■ Work required
Nothing but the lines from the one that holds "店舗限定特別企画曜日別ポイントアップ!" through the end of the material should be repeated, each exactly as it stands, and pictures stay out.

■ Dataset excerpt
* * *
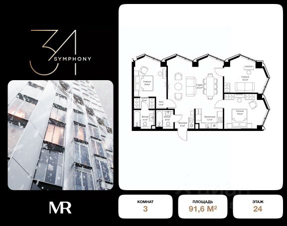 Дом сдан. Ключи в день покупки! В продаже 3-комнатная квартира площадью 85.60 м² с предчистовой отделкой на 10 этаже 43 этажного дома в корпусе Сильвер. ЖК Симфония 34 - концептуально новый жилой комплекс премиум-класса с подземной парковкой, состоит из четырех башен высотой 36 - 54 этажа. Квартиры сдаются с базовой (предчистовой) отделкой MR BASE или дизайнерской чистовой отделкой MR READY. Высота потолков 3 - 6 метров, окна высотой до 2,6 м. Более 100 кладовых в подземной части ЖК и более 500 на этажах. Безопасность - Система контроля входа на территорию комплекса, биометрия - Система автоматического водяного пожаротушения и противопожарного водопровода, система пожарной вентиляции - Доступ на парковку при помощи системы распознавания автомобильных номеров, карточка для контроля доступа резидентов - Система видеонаблюдения - Круглосуточная связь через приложение, телефон, голосовые сообщения с охраной, консьержем, call-центр. Расположение Пешком - 6 минут до метро "Дмитровская" - 15 минут до Тимирязевского парка На машине - 5 минут до Савеловского вокзала и Аэроэкспресса в Шереметьево - 10 минут до Москва-Сити и Садового кольца Благоустройство - 70% территории отведены под зеленые насаждения и ландшафтный дизайн - Приватный Японский сад - Детские площадки с зонированием по возрасту - Clubhouse для резидентов - Wellness & SPA - Зона для пикника, зона с гамаками - Центральное лобби, ресторан, коммерческие помещения - Дополнительный вход/выход на территорию комплекса Окружение - В 10 минутах от Symphony 34 находится дизайн-завод Flacon, где регулярно проходят культурно-образовательные и развлекательные мероприятия - Тимирязевский парк расположен в 850 м. Площадь парка 232 га - Рядом расположен парк "Дубки", площадью 16,5 га. - В 15 минутах расположен Хлебозавод 9. Здесь находятся шоурумы брендов, кафе разных кухонь мира, образовательные проекты и площадки для мероприятиКомпания MR предлагает своим клиентам специальные условия приобретения квартир в рамках программ ипотечного кредитования от банков-партнеров.
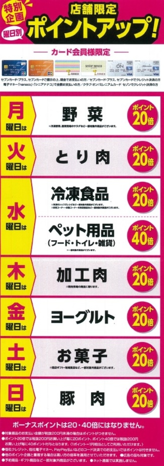 店舗限定特別企画曜日別ポイントアップ!
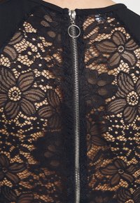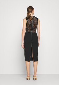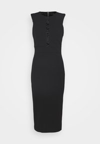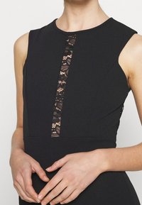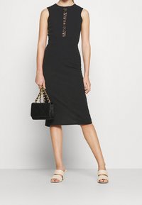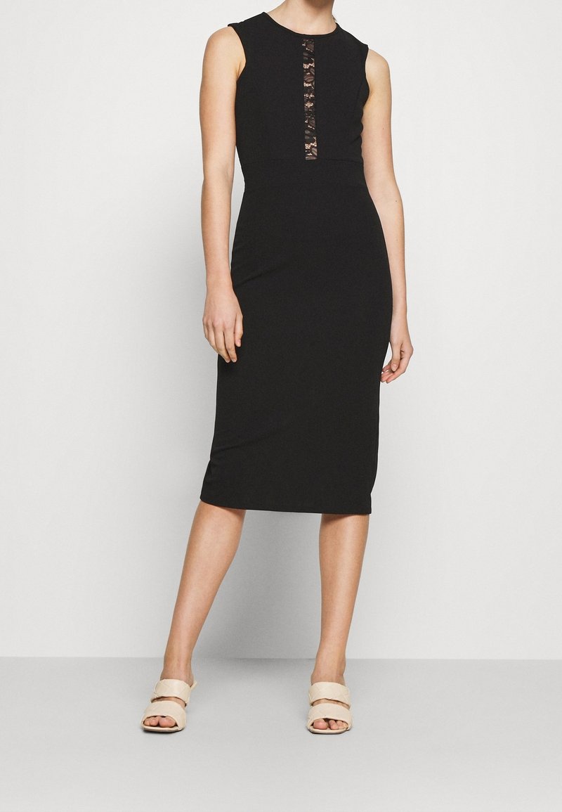Femme portant une robe midi noire sans manches avec un détail en dentelle verticale sur la poitrine, associée à des sandales beiges ouvertes à enfiler.
* * *
■ Exercise output
 店舗限定特別企画曜日別ポイントアップ!
Femme portant une robe midi noire sans manches avec un détail en dentelle verticale sur la poitrine, associée à des sandales beiges ouvertes à enfiler.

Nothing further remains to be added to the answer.